I try to remind folks that I’m more interesting in stirring thought than directing it. From many responses I realize that people do take my ideas and go far beyond them. It’s scary how thoughts create thoughts.
One of the most valuable parts of this mailing for me is that it keeps me in touch with many I care about and am interested in. My community of friendships is wider and closer because of it. Thank you for being a part of my life.

 
                                                                                     (back page)

THE STAR SHINES
        Every Christmas season I look for the star at the top of our neighbor’s high fir tree. There was one Christmas season several years ago when I wondered whether that star would be there. Jason, their high school age son, had recently died. The house had been mostly dark ever since. I didn’t know whether they would be there for Christmas that year.

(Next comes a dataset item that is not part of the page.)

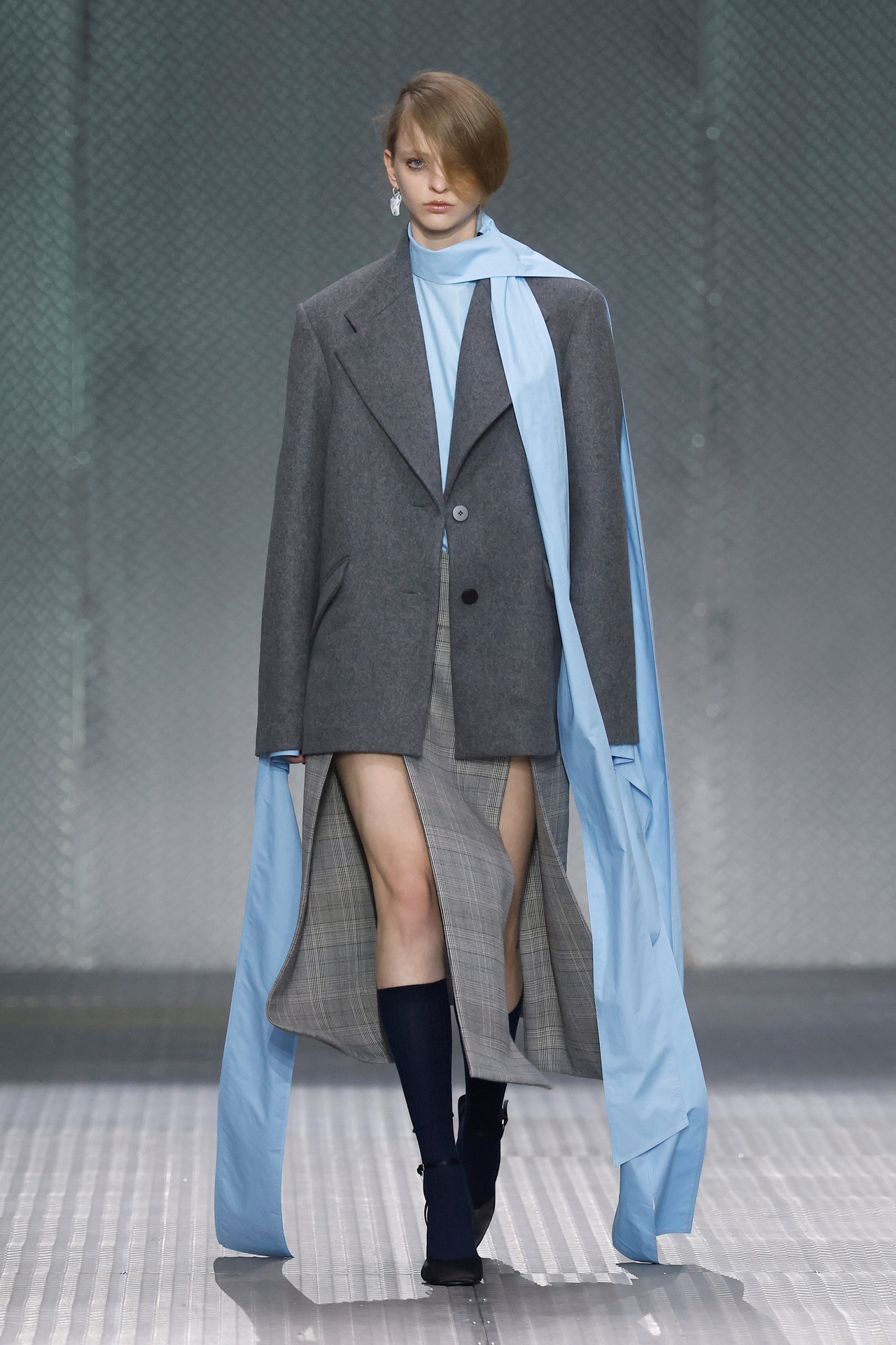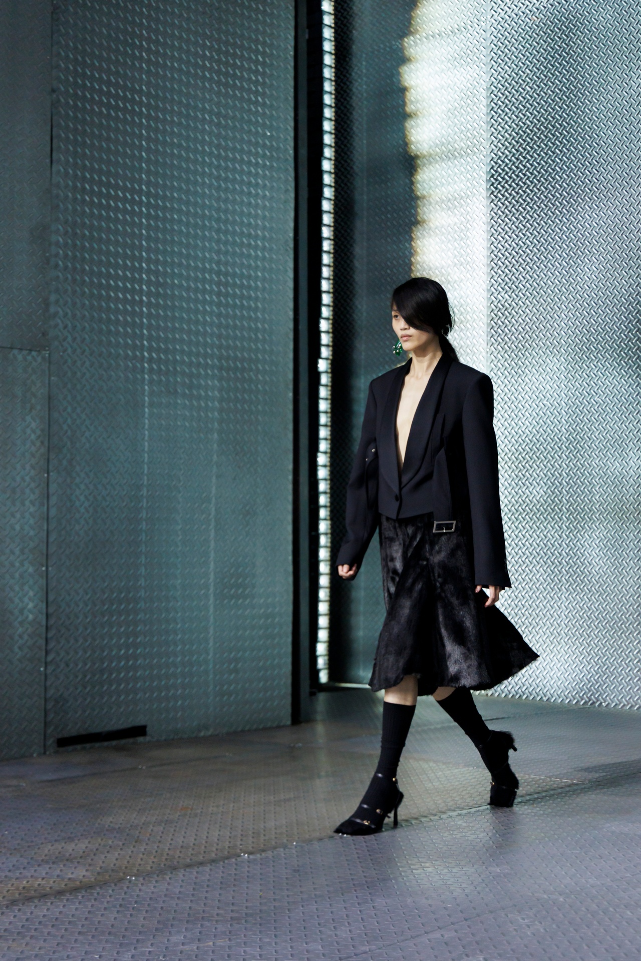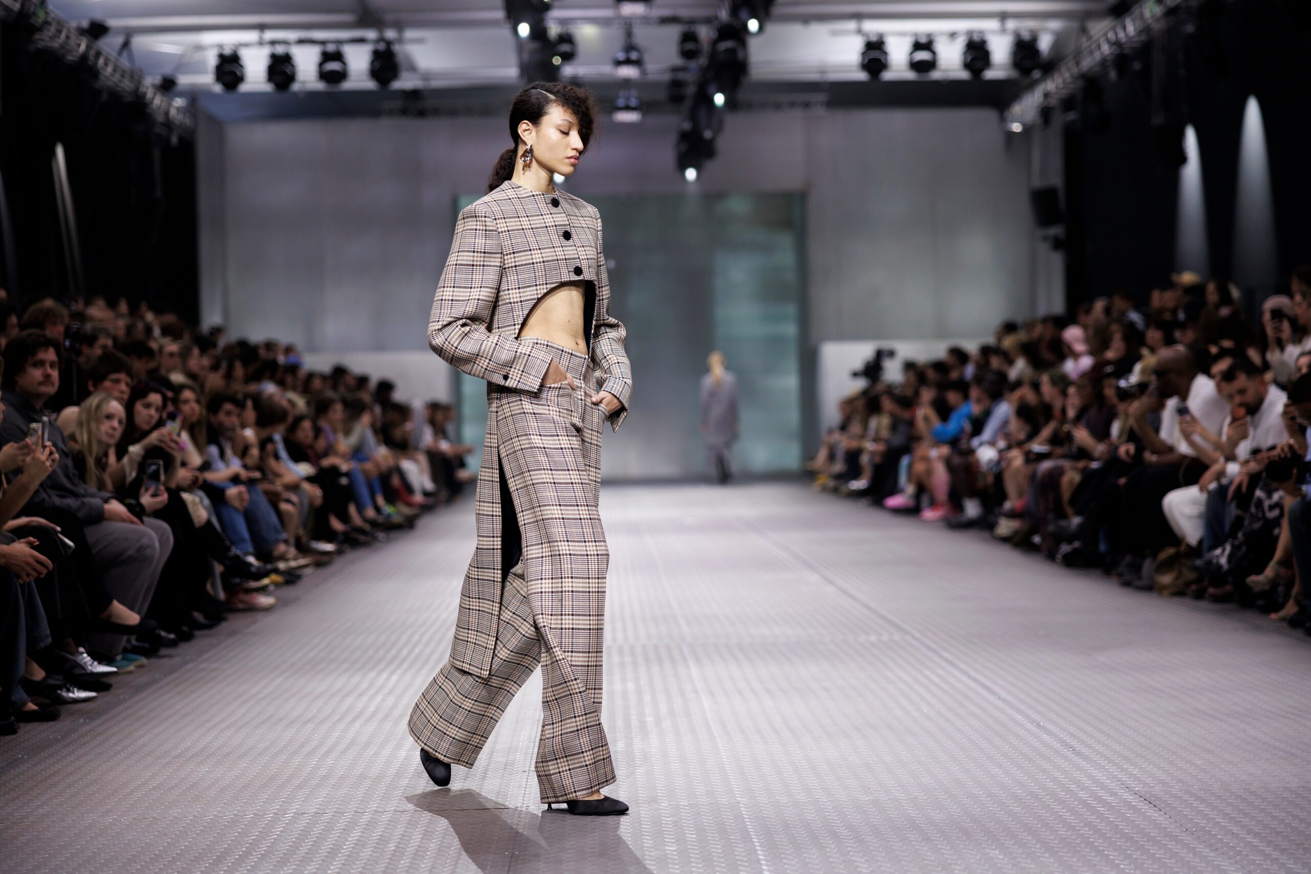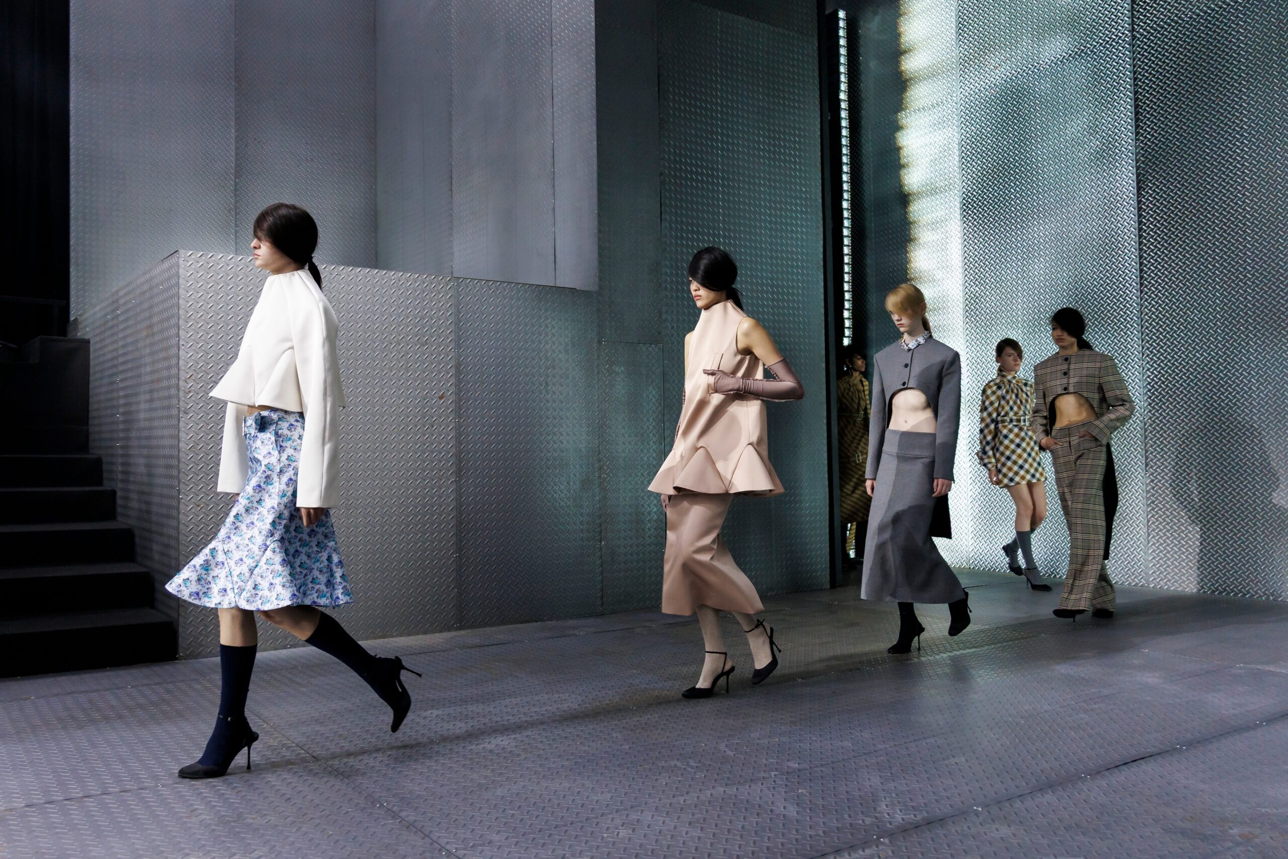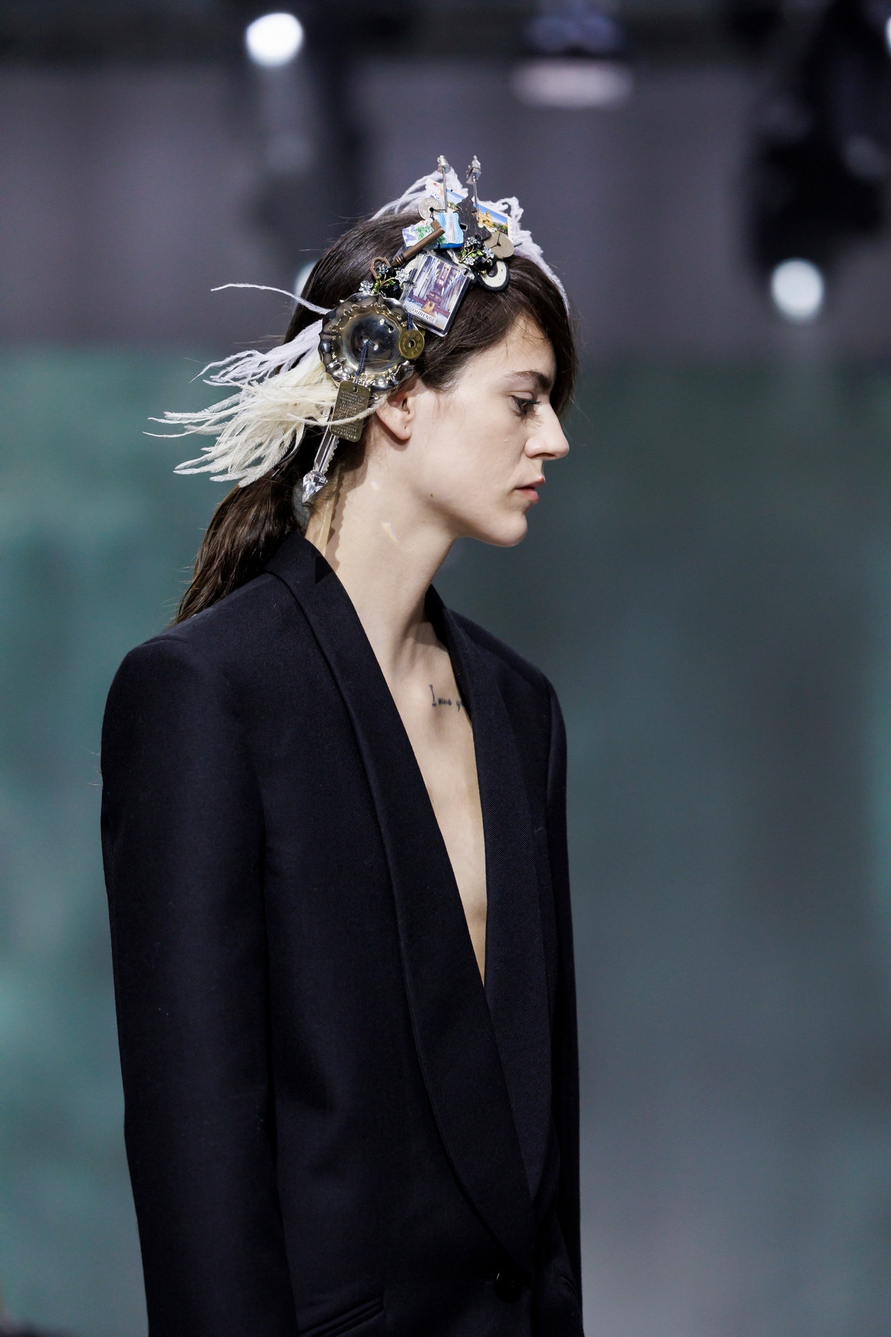 The formal intersects with the unfinished; solidity coexists with vulnerability. In this context, the tuxedo becomes a key element: it sheds its traditional solemnity and integrates into a contemporary language where formality softens and becomes expression. A subtle nod to the 1960s introduces refined silhouettes and a restrained femininity, reinterpreted from a present perspective, free from nostalgia. Collapse does not seek to resolve contradiction, but to inhabit it and turn it into its essence.

        People handle such losses in different ways. They hear folk advice like “Time heals all wounds,” and “Let go and move on with your life.” A lot of this comes from the influence of Freud who taught  those in grief to separate themselves from the one who is died and let go of the past. If you know the story of Freud you have heard how he couldn’t live by his own advice when his son died. He remembered and grieved for his son all his life. Love does not forget.

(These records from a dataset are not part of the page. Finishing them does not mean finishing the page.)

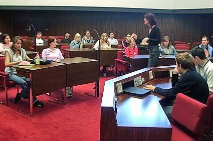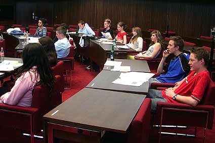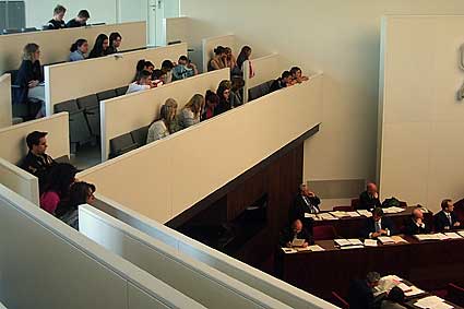 Am 5. Mai ging es dann zu einem Erkundungsbesuch ins Parlament. Wir durften im Plenarsaal (Sitzungssaal des Parlaments) Platz nehmen und Frau Weber vom Besucherdienst erläuterte uns die Vorgänge im Parlament und versorgte uns mit der Tagesordnung für den folgenden Mittwoch, an dem wir eine Sitzung besuchen wollten.
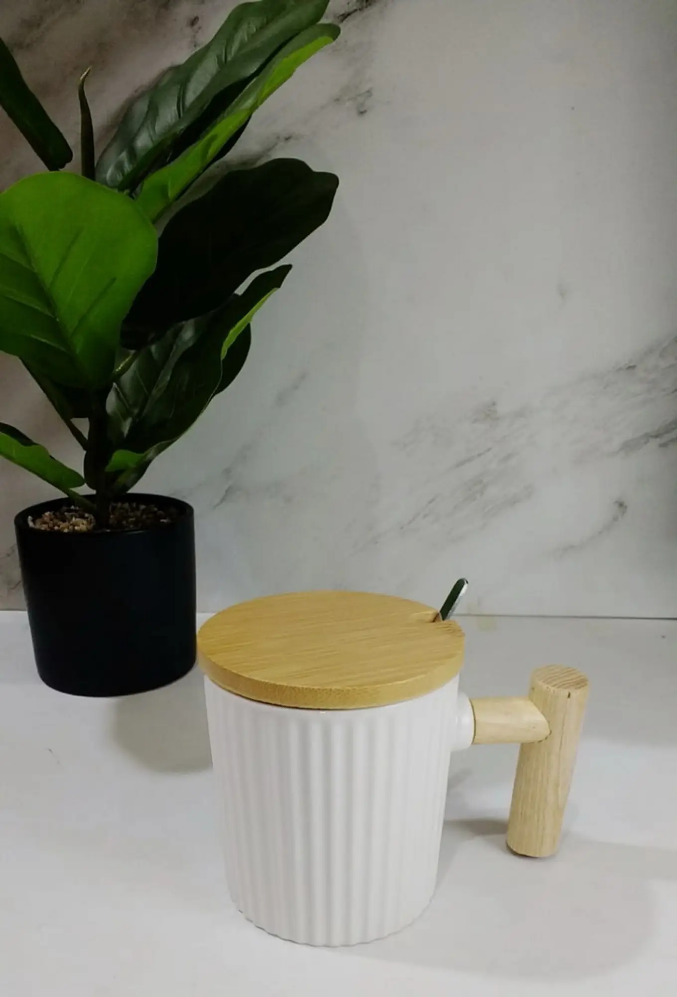 TAZA CERAMICA C/TAPA Y CUCHARA L/BAMBU
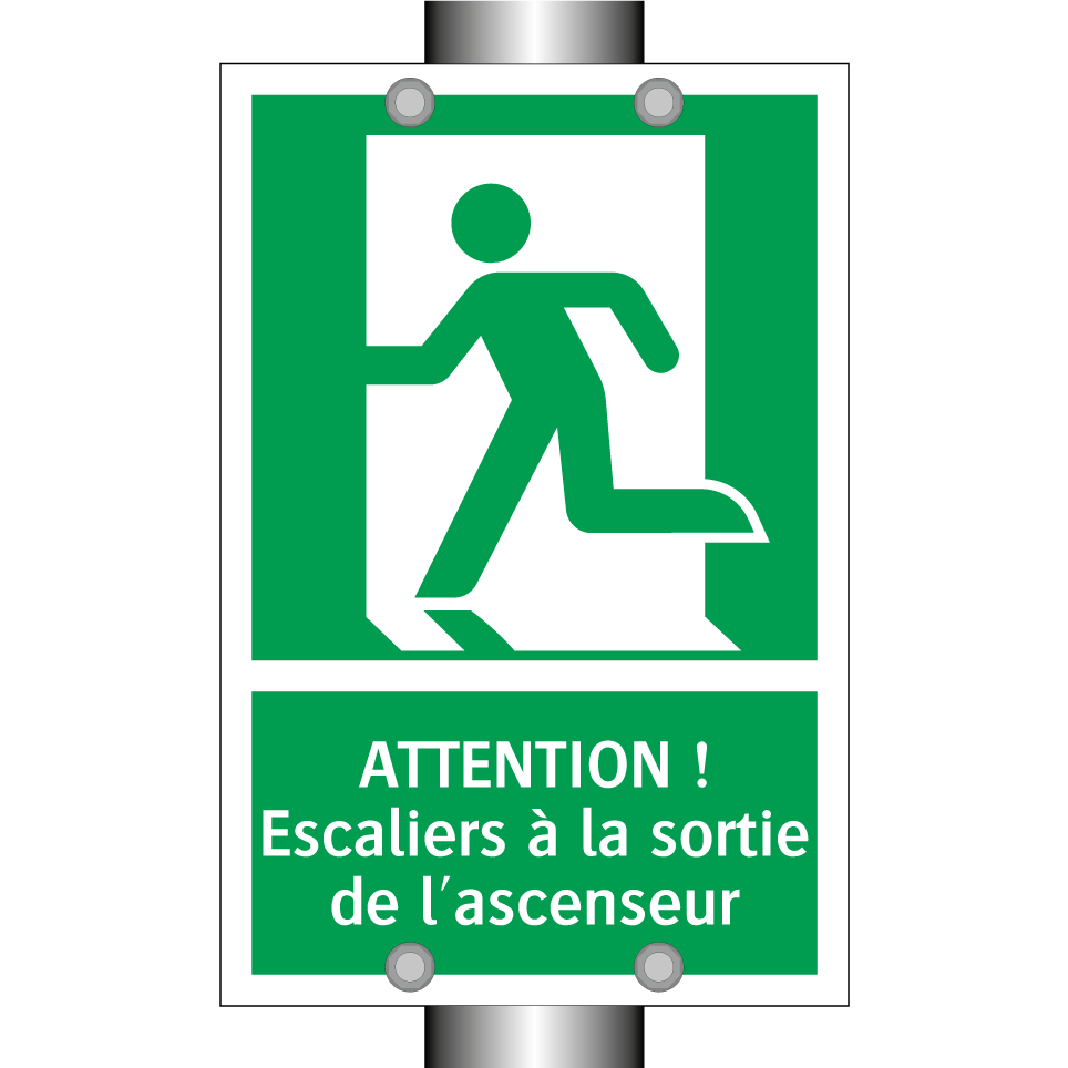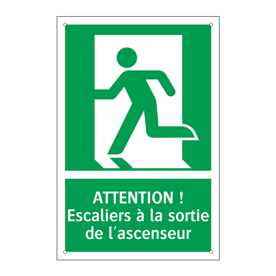 Cette pancarte de sécurité est idéale pour être placée à proximité des ascenseurs, signalant la présence d'escaliers à la sortie. Elle est conçue pour garantir la sécurité des usagers en les avertissant des dangers potentiels. Grâce à sa couleur verte et son texte blanc, elle est facilement repérable dans les environnements publics tels que les immeubles de bureaux, les centres commerciaux et les complexes résidentiels. La symbolique claire renforce le message, assurant une compréhension immédiate, même pour ceux qui ne parlent pas couramment le français. Cette signalisation est essentielle pour prévenir les accidents et assurer une circulation fluide et sécurisée.

        But one night the neighbor’s star was shining against the darkness. I wrote at the time about “Jason’s Star.” That’s what the neighbors all call it now, and so does Jason’s family. They have turned it on each season since. It’s there now. And so is memory of Jason.
        I believe that story plays out in scores of homes every Christmas. I’m getting notes from a lot of people who are facing Christmas without someone precious. Pain and emptiness fill with special memories. Love puts up a star to remember by.
        A few weeks ago I wrote about my pain in deleting names of friends who have died from my mailing label and e-mail lists. Dick Wing wrote that he leaves the names on his Palm Pilot so that he is reminded of them. There is no reason to forget love or let it end.
        There is a new custom being promoted these days ─ pre-decorated Christmas trees. It’s easy, but it takes away some special moments. We have decorations that remind us of people who are only present in our memories. It is warming to be reminded.
       As I fasten on blue sheet labels I remember some circumstances of people. More than a few are for people in confinement of one sort of another. Maybe it’s a health issue, a life situation issue, or some other situation that separates from where they want to be or from those they want to be with. I was reminded of Dietrich Bonhoeffer’s “Letters and Papers from Prison.” He was a pastor in prison toward the end of WWII for participation in a plot to assassinate Hitler. He writes about the separation that many feel at Christmas:
         “Nothing can fill the gap when we are away from those we love…The dearer and richer our memories,
          the more difficult the separation…The beauties of the past are not endured as a thorn in the flesh,
          but as  give precious for its own sake. We must not wallow in our memories or surrender to them,
          just as we don’t gaze all the time at a valuable present, but get it out from time to time, and for the rest
          hide it away as a treasure we know is there all the time.
” (p. 120)

       I don’t know how many can deal with their emptiness like that, but that’s the way he managed it in his circumstance.
       There are many I know that deal with Christmas like Silas Marner in that classic little book I often read at Christmas. He was urged to attend church on Christmas Eve by Dolly. Even a sample carol sung by young Aaron didn’t sway him. She went to church without him.
                        “And so Silas spent his Christmas day in loneliness, eating his meat with sadness of heart.
       Some refuse to put up the lights. Others light a star.